**PROMPT:** Copy each line below as it stands, but skip any picture it contains.

**SUPPLIED DATA:**
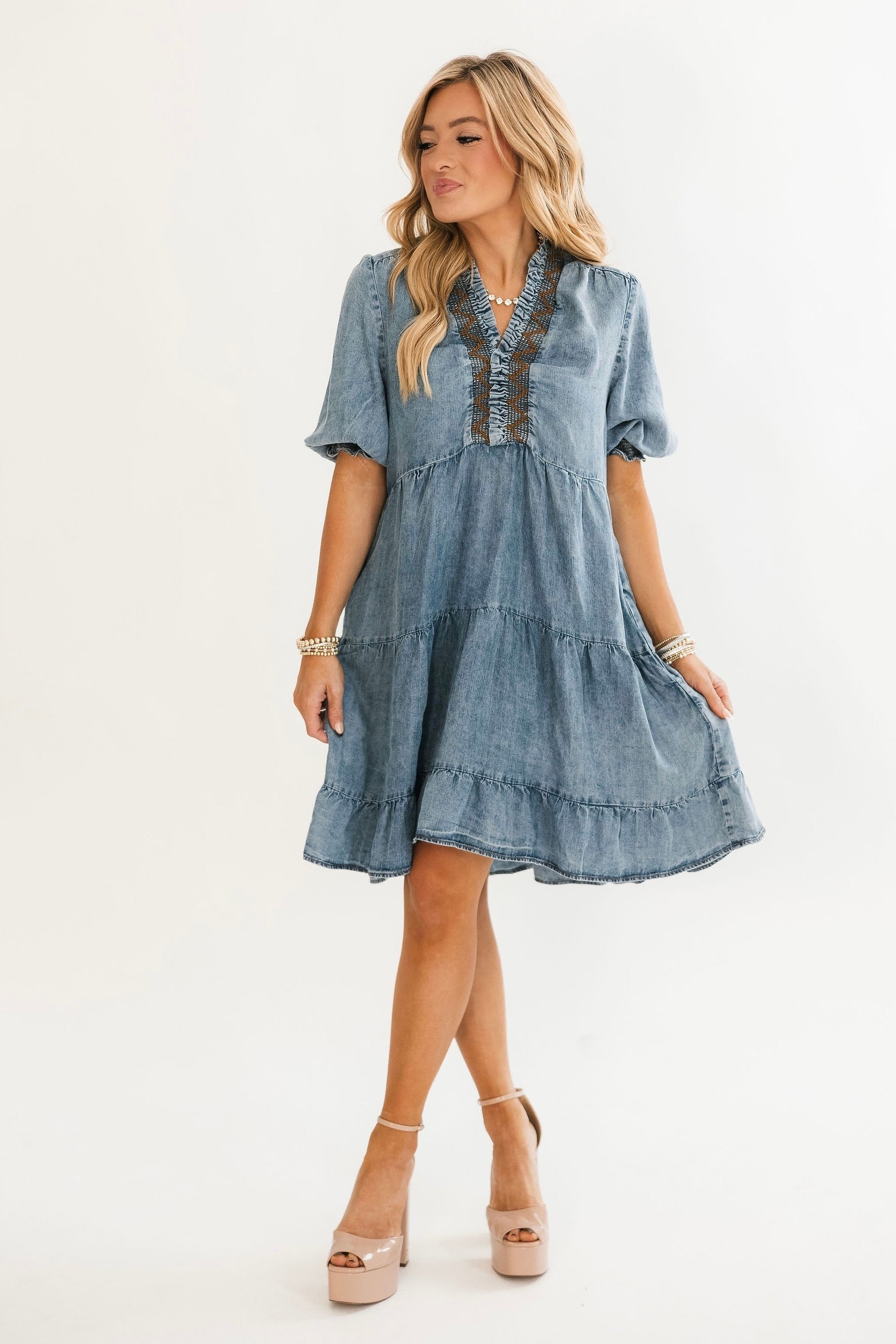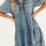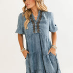 The Everly Mini Dress is the perfect mix of playful and polished. Designed in a lightweight denim wash, this flowy mini features a flattering A-line silhouette with tiered layers for easy movement. A ruffled v-neckline with smocked embroidery trim adds feminine charm, while half puff sleeves keep the look soft and romantic. Finished with side pockets, it’s an effortless everyday dress you’ll reach for again and again. Lexi is wearing a small.
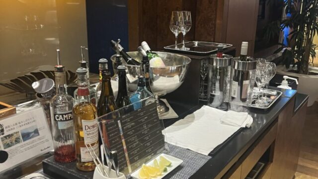 置いてあるドリンクや食事はザベイスイートと同じだと思います。
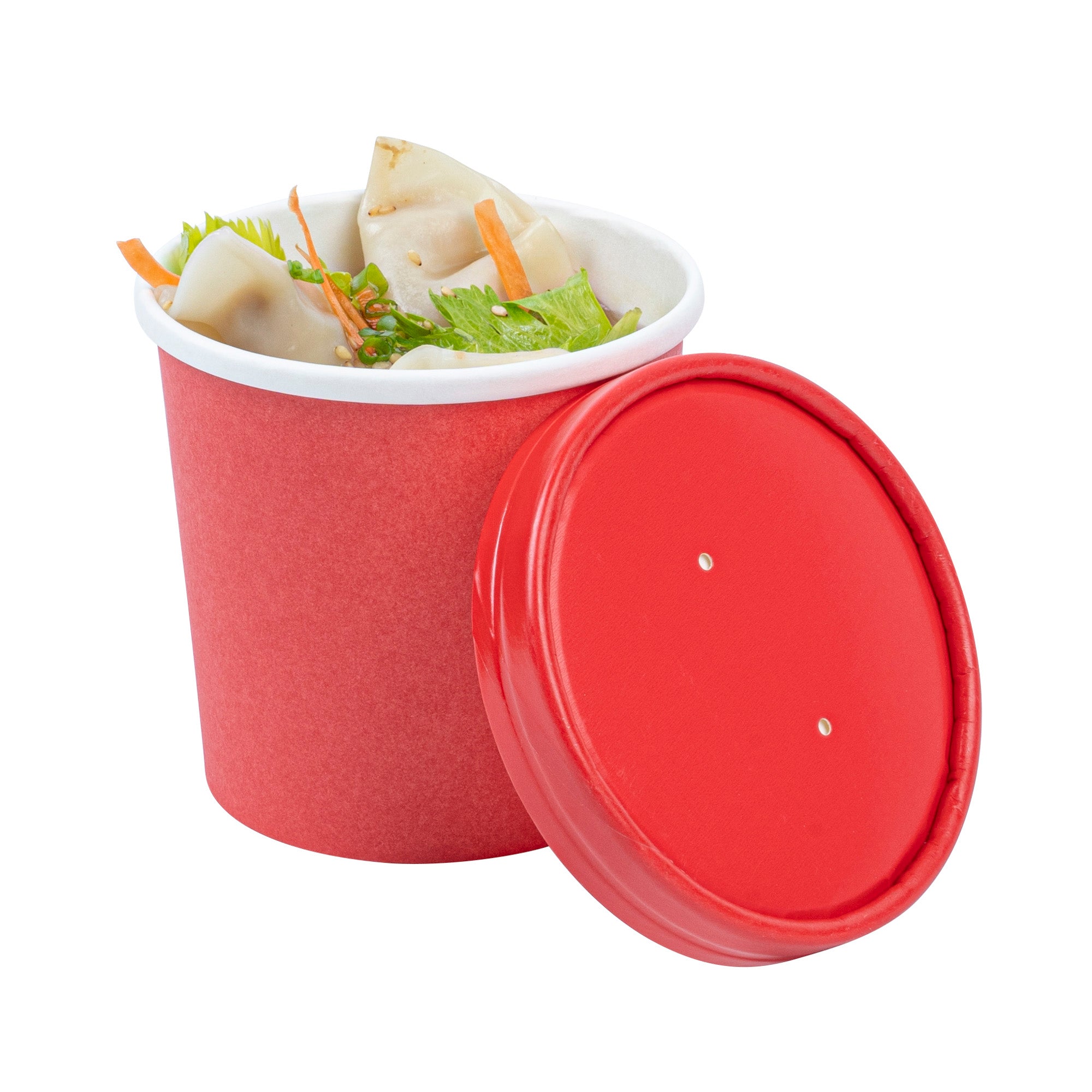 ROUND RED PAPER SOUP CONTAINER LID - FITS 12 OZ
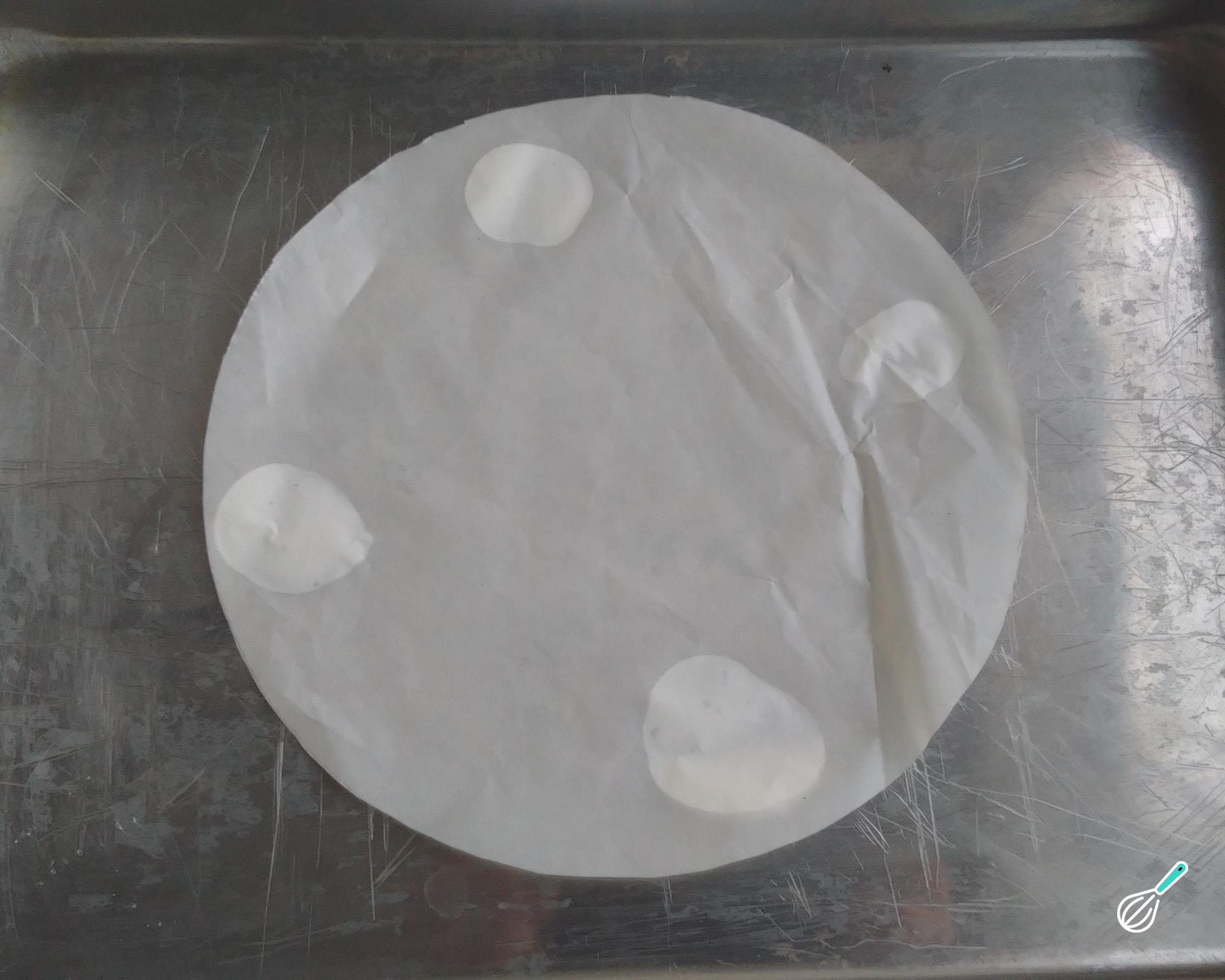 Dica: É importante usar o papel manteiga como referência para o tamanho dos discos de merengue. Se você não tiver papel manteiga unte a bandeja ou tabuleiro de forno e coloque 3 porções de merengue com mais ou menos 20 cm de diâmetro (pode usar uma forma de bolo desse tamanho como referência).

**REPLY TO THE TASK:**
 The Everly Mini Dress is the perfect mix of playful and polished. Designed in a lightweight denim wash, this flowy mini features a flattering A-line silhouette with tiered layers for easy movement. A ruffled v-neckline with smocked embroidery trim adds feminine charm, while half puff sleeves keep the look soft and romantic. Finished with side pockets, it’s an effortless everyday dress you’ll reach for again and again. Lexi is wearing a small.
 置いてあるドリンクや食事はザベイスイートと同じだと思います。
 ROUND RED PAPER SOUP CONTAINER LID - FITS 12 OZ
 Dica: É importante usar o papel manteiga como referência para o tamanho dos discos de merengue. Se você não tiver papel manteiga unte a bandeja ou tabuleiro de forno e coloque 3 porções de merengue com mais ou menos 20 cm de diâmetro (pode usar uma forma de bolo desse tamanho como referência).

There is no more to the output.